In [1]:
from db_tools.setup import setup

In [2]:
from pyspark.sql import functions as F
from pyspark.sql.types import StructType,StructField, StringType, IntegerType

In [3]:
spark = setup()

23/12/30 00:12:00 WARN Utils: Your hostname, luan-Dell-G15-5520 resolves to a loopback address: 127.0.1.1; using 192.168.1.12 instead (on interface wlp0s20f3)
23/12/30 00:12:00 WARN Utils: Set SPARK_LOCAL_IP if you need to bind to another address
23/12/30 00:12:01 WARN NativeCodeLoader: Unable to load native-hadoop library for your platform... using builtin-java classes where applicable
Setting default log level to "WARN".
To adjust logging level use sc.setLogLevel(newLevel). For SparkR, use setLogLevel(newLevel).
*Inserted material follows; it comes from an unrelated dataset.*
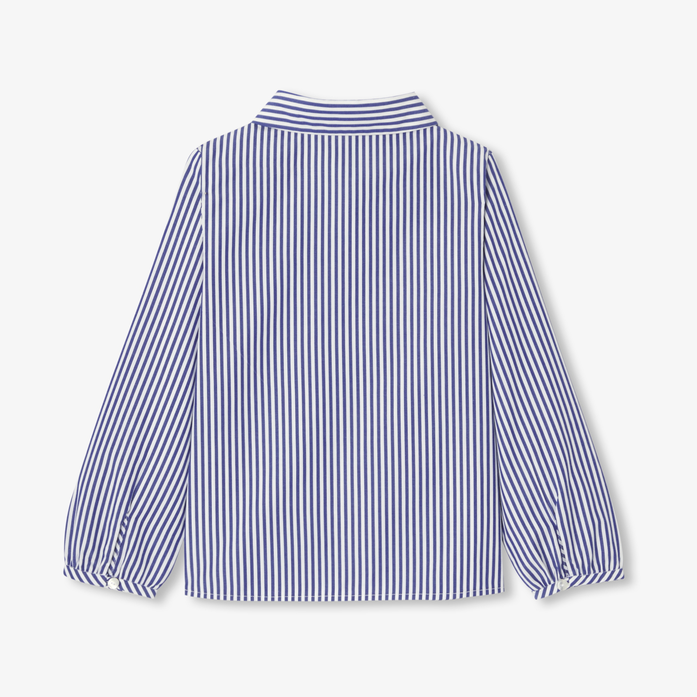 Chic and geometric, the back-to-school wardrobe delivers on all its promises with this girl shirt. Made from striped poplin, it is embellished with gathered ruffles on the button placket. An elegant model to wear with wide-leg jeans or a culotte skirt for a preppy silhouette.- Girl shirt in organic cotton- Ruffled button placket- Natural mother-of-pearl button opening

SparkSession available as "spark"


In [4]:
def show_query(query,SparkSession = spark,n = 20):
    return SparkSession.sql(query).show()

In [15]:
brand_schema = StructType([ \
    StructField("brand",StringType(),True), \
    StructField("segment",StringType(),True), \
    StructField("quantity",StringType(),True)
  ])
brands =   [('ABC','Premium',100),
            ('ABC','Basic',200),
            ('XYZ','Premium',100),
            ('XYZ','Basic',300)]
columns = ['brand','segment','quantity']
rdd = spark.sparkContext.parallelize(brands)
spark.createDataFrame(rdd, schema = brand_schema).createOrReplaceTempView('sales')

In [17]:
df = spark.sql("SELECT * FROM sales;")
df.show()

+-----+-------+--------+
|brand|segment|quantity|
+-----+-------+--------+
|  ABC|Premium|     100|
|  ABC|  Basic|     200|
|  XYZ|Premium|     100|
|  XYZ|  Basic|     300|
+-----+-------+--------+



# ROLLUP with pyspark API

In [18]:
df.select(['brand','segment','quantity']).\
rollup(['brand','segment']).\
agg({'quantity':'sum'}).\
orderBy(['brand','segment']).show()

+-----+-------+-------------+
|brand|segment|sum(quantity)|
+-----+-------+-------------+
| null|   null|        700.0|
|  ABC|   null|        300.0|
|  ABC|  Basic|        200.0|
|  ABC|Premium|        100.0|
|  XYZ|   null|        400.0|
|  XYZ|  Basic|        300.0|
|  XYZ|Premium|        100.0|
+-----+-------+-------------+



In [19]:
df.select(['brand','segment','quantity']).\
rollup(['segment','brand']).\
agg({'quantity':'sum'}).\
orderBy(['brand','segment']).show()

+-------+-----+-------------+
|segment|brand|sum(quantity)|
+-------+-----+-------------+
|   null| null|        700.0|
|  Basic| null|        500.0|
|Premium| null|        200.0|
|  Basic|  ABC|        200.0|
|Premium|  ABC|        100.0|
|  Basic|  XYZ|        300.0|
|Premium|  XYZ|        100.0|
+-------+-----+-------------+



In [41]:
df.select(['brand','segment','quantity']).\
rollup(['segment','brand']).\
agg({'quantity':'sum'}).\
dropna(subset = 'segment').orderBy(['brand','segment']).show()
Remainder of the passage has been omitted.